I'm currently being treated at my local hospital cancer day centre about once a month. I walk through the corridors and see people in mufti walking along with files under their arm. I expect they can do that all day. I see posters and magazines that cost a fortune to publish that serve no useful purpose. I spoke to the unit manager about the level of burocracy and she said "Don't get me started". She needs one part time nurse to make the workload manageable but she can't have it. They're still hiring office staff and administrators though.
The most urgent need is to restrict access to its services and make the UK a less attractive destination for illegal immigrants. They don't flock here for the weather or the career opportunities do they?
Free health care is unheard of in Afghanistan and the Horn of Africa. Is that why they all flock here?
Will CallMeDave be smart enough to reorganise the top heavy NHS and put the savings into patient services? No.
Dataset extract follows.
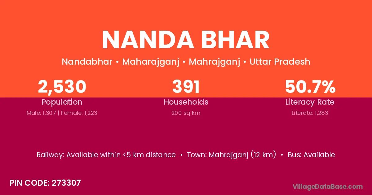 Mahrajganj (12 km) is the nearest town to Nanda Bhar village for major economic activities and is located approximately 12 km away.
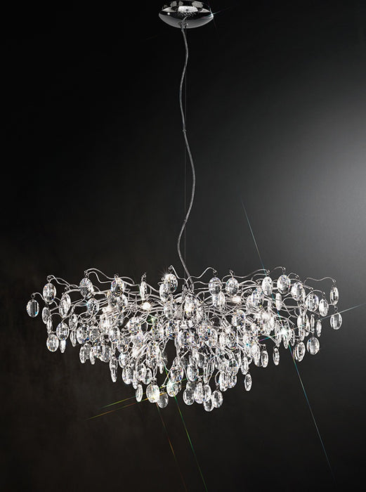 The Riley range uses fine chrome arms to display an array of crystal droplets - in an artistic fashion. Creating a fabulous centre piece to your room - with matching wall lights for added style.

I do hope Clarinda doesn't read this WW or she'll burst a blood vessel responding.
She does admit Scotland's NHS is in a slightly better state though, but with an emphasis on the slightly.
Myself I can't complain. At the beginning of December I was told I needed an MRI scan. My appointment arrived for 24 January but I had to postpone that as I was collecting family. I had my scan 6 days later.
Yes, Subrosa, my experience up here has been positive. Like my friend Dave I had a scare, but unlike Dave mine was just that. They seem to deal with these things pretty well, and after all, that is what we pay them for.
It worries me that dippy Dave wants to rebrand the NHS as the Public Health Service. Public Health is not about my health or yours, it is about that of the public at large.
Down this road are compulsory vaccination because that will be to the benefit of the public in general. Having failed to scare me into giving up smoking, drinking, reducing my carbon footprint, driving or eating as I see fit will they use Public Health to bully me in the supposed interests of everybody else?
Banned, there is a very dangerous mindset among the Tories, as well as Labour, that we all need to be "managed". It's going to be like the feeling you get at Airports where you really are herded from the moment you step through the gate.
The other night, I was joking with Dr Weasel about the organisation called NICE, which has a say in prioritising treatment. I suggested there be an organisation called NASTY, which suggests people contribute to their treatment according to who is to blame for their condition! Wildly untenable of course, but fun to speculate.